Network Rail’s Demoliton Of 150 Year Old Signal Box Called “Legalised Vandalism”.

The destruction of a 150 year old Signal Box in Beighton has been described as “legalised vandalism” by those in the Beighton community.

Network Rail proposed a £23 million plan to upgrade the part of the line which surrounds the Beighton Signal Box in Sheffield. However, this involved knocking down a valuable piece of Beighton’s history.

In response to public discontent, MP Clive Betts tried to campaign to prevent the demolition of the relic however it was unsuccessful. The £250,000 fee to either maintain or move the signal box was deemed too expensive by the Council and Network Rail.

Those protective of the signal box took to Facebook to voice their concerns including Michael Davison who captured footage of the demolition.

He stated: “it’s a shame how it was just ripped apart.

“A piece of local history down the drain, sad really.”

 Many others questioned why it needed to be demolished and could not be retained or placed in a rail museum.

Beighton Signal Box prior to its demolition.
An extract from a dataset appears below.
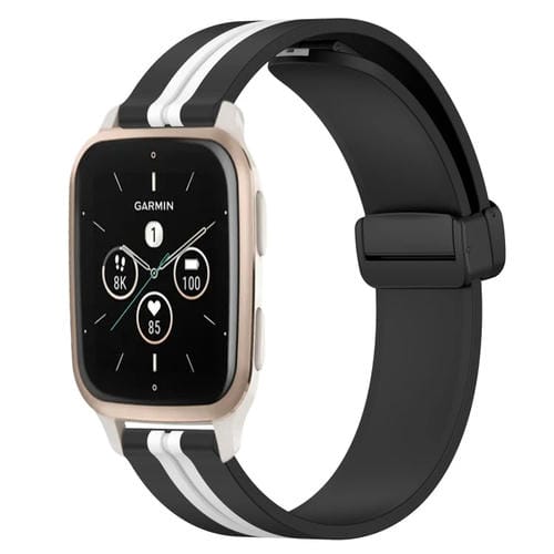 Correa de Reloj 20mm para Garmin Forerunner Sq2 Music Silicona Cierre Magnético Plegable (Negro + Blanco)

Its sentimental value has become evermore important as it was one of the 500 signal boxes that remain in the UK out of the 10,000 which once lined British railways.

Anthony Siddal, Operations Manager for Network Rail told the BBC: “It was very well-loved by the community, plenty of people would walk past and wave”.

However, the signal box had not been used since 1954 and as a spokesperson from Network Rail identified that it would be too expensive to maintain without an “operational purpose”.

The upgrade campaign is planned to be completed around the 21st March. This will disrupt Northern Rail services between Sheffield, Worksop, Retford and Lincoln.

The transport will be replaced by an increase in bus travel whilst the work is being complete. 

Despite this, the main issue to the Beighton community is not concern over their travel, it is the destruction of history. Although it had not been used since the station closed, it was still a vital part of the Beighton community.

The community believe that Network Rail and the Council could have done more to save the historical signal box and are aggrieved.